The study by Becker and colleagues used a dataset of 63 videos of people with tic disorders to train a Random Forest classifier to identify tic movements. Various predictable features were combined into a single detection tic score and trained using videos from both people with tic disorders and healthy controls. The accuracy of this tic score in classifying patients and healthy controls was 83%.
“The frequency and characteristic cluster aggregation of tics are key determinants of tic severity,” said Dr. Davide Martino, Professor of Neurology at the University of Calgary. “Wearable sensors recording tics in patients’ natural environment are currently under exploration, but the anatomical distribution and diverse phenomenology of tics hinder the routine clinical applicability of these sensors. Tic frequency and phenomenology are also routinely assessed using video recordings usually obtained in a clinical setting, a methodology often used also in clinical trials. Rating these recordings is time- and energy-consuming. This study applies machine learning to train an algorithm that classifies tics from non-tic extra movements and measures several parameters detailing the temporal distribution of tics, ultimately combining these into a single tic detection score. The study reports a very good classification accuracy of the algorithm (83%), although the composition and accuracy of the tic detection score is still in progress.

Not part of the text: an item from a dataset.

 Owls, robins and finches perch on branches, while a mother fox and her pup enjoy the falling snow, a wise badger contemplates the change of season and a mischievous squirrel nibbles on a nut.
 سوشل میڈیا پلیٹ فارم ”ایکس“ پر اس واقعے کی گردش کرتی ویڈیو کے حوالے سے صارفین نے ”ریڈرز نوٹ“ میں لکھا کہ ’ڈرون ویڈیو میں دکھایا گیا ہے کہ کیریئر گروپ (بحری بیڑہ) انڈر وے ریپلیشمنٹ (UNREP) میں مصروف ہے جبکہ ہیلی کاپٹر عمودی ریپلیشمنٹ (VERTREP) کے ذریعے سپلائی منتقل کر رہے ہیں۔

An algorithm that measures frequency and clustering of tics from video recordings has strong translational value in routine clinical practice and clinical research, as it would likely optimize reliability and efficiency of these measurements. Although limited to facial/head tics, the same approach can be extended to other body regions and phonic tics. It is also important to point out that video recording-based measures will inevitably still need to be integrated with other domains of tic severity, e.g., interference with daily routines and functional impact, in order to achieve a truly comprehensive assessment of tics.”